- _Activity_:
Nothing in the records should be changed in the copy, though the pictures must be left out.

Stored records
○ ○ ○ ○ ○
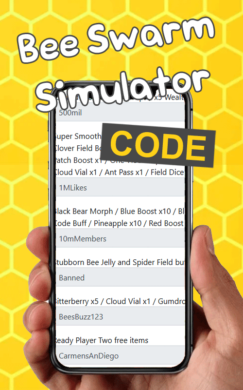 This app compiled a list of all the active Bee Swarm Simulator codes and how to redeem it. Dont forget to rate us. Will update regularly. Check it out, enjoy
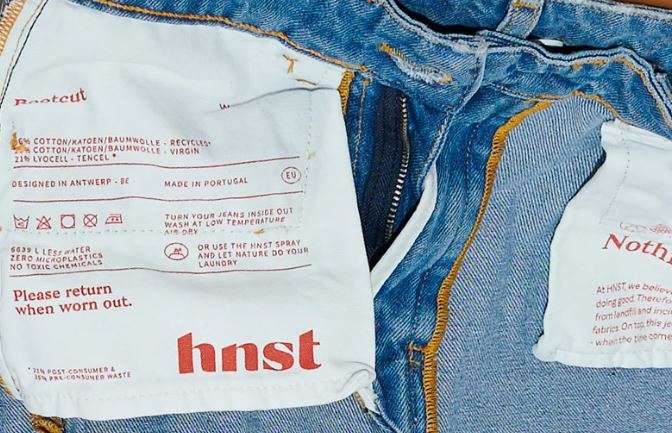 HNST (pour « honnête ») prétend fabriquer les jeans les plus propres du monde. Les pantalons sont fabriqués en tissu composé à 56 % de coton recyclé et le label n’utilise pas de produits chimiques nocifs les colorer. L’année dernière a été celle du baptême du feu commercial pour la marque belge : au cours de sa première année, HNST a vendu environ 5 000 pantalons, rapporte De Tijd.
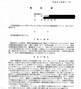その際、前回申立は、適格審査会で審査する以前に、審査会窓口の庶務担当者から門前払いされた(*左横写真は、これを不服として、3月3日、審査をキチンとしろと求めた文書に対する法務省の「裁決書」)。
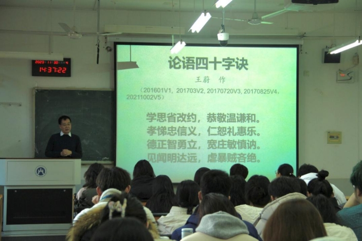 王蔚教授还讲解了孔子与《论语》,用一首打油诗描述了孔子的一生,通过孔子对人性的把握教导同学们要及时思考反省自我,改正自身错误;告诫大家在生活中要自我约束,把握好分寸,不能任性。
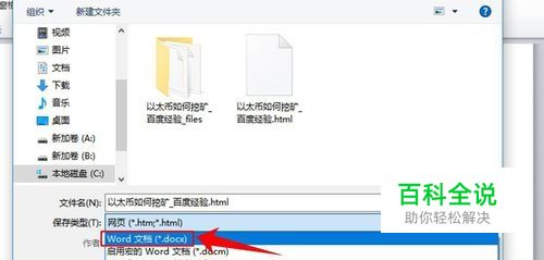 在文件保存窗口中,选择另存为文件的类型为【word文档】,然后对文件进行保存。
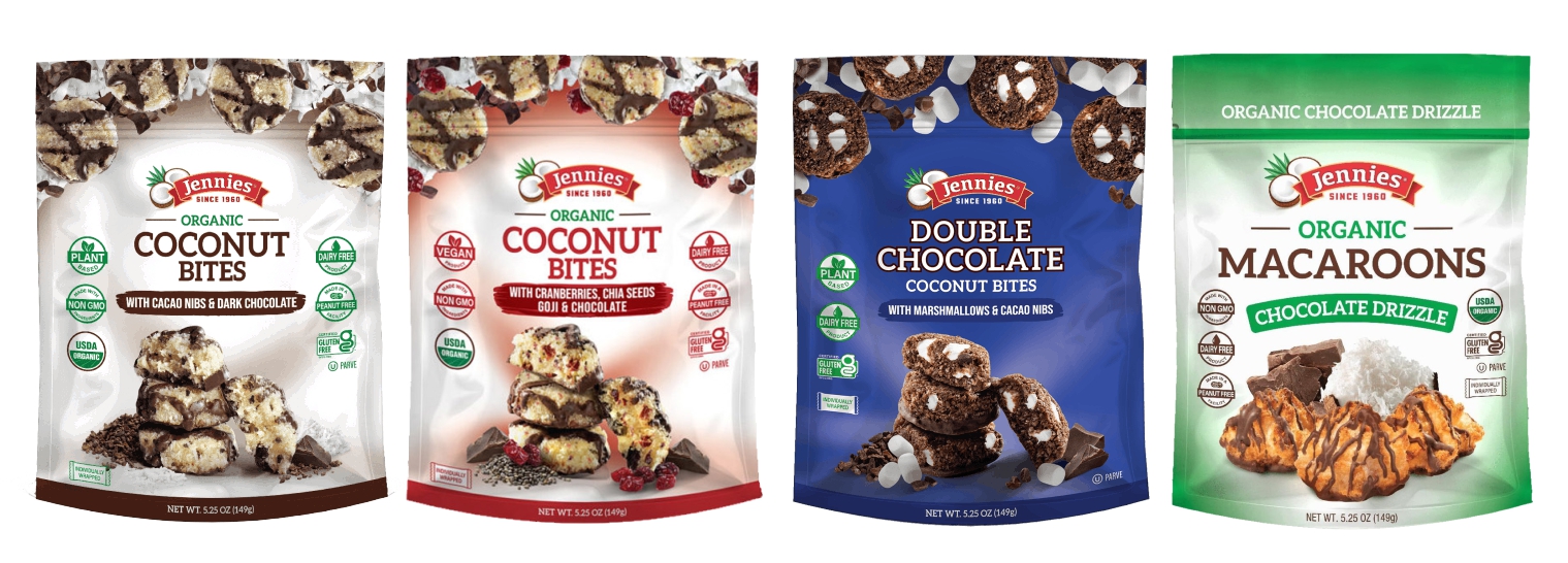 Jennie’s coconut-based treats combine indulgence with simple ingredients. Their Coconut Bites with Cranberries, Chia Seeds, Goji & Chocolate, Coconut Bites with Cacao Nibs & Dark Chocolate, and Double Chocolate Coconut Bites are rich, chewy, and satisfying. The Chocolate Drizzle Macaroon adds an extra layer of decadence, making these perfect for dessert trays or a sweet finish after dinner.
○ ○ ○ ○ ○
- _Task output_:
 This app compiled a list of all the active Bee Swarm Simulator codes and how to redeem it. Dont forget to rate us. Will update regularly. Check it out, enjoy
 HNST (pour « honnête ») prétend fabriquer les jeans les plus propres du monde. Les pantalons sont fabriqués en tissu composé à 56 % de coton recyclé et le label n’utilise pas de produits chimiques nocifs les colorer. L’année dernière a été celle du baptême du feu commercial pour la marque belge : au cours de sa première année, HNST a vendu environ 5 000 pantalons, rapporte De Tijd.
その際、前回申立は、適格審査会で審査する以前に、審査会窓口の庶務担当者から門前払いされた(*左横写真は、これを不服として、3月3日、審査をキチンとしろと求めた文書に対する法務省の「裁決書」)。
 王蔚教授还讲解了孔子与《论语》,用一首打油诗描述了孔子的一生,通过孔子对人性的把握教导同学们要及时思考反省自我,改正自身错误;告诫大家在生活中要自我约束,把握好分寸,不能任性。
 在文件保存窗口中,选择另存为文件的类型为【word文档】,然后对文件进行保存。
 Jennie’s coconut-based treats combine indulgence with simple ingredients. Their Coconut Bites with Cranberries, Chia Seeds, Goji & Chocolate, Coconut Bites with Cacao Nibs & Dark Chocolate, and Double Chocolate Coconut Bites are rich, chewy, and satisfying. The Chocolate Drizzle Macaroon adds an extra layer of decadence, making these perfect for dessert trays or a sweet finish after dinner.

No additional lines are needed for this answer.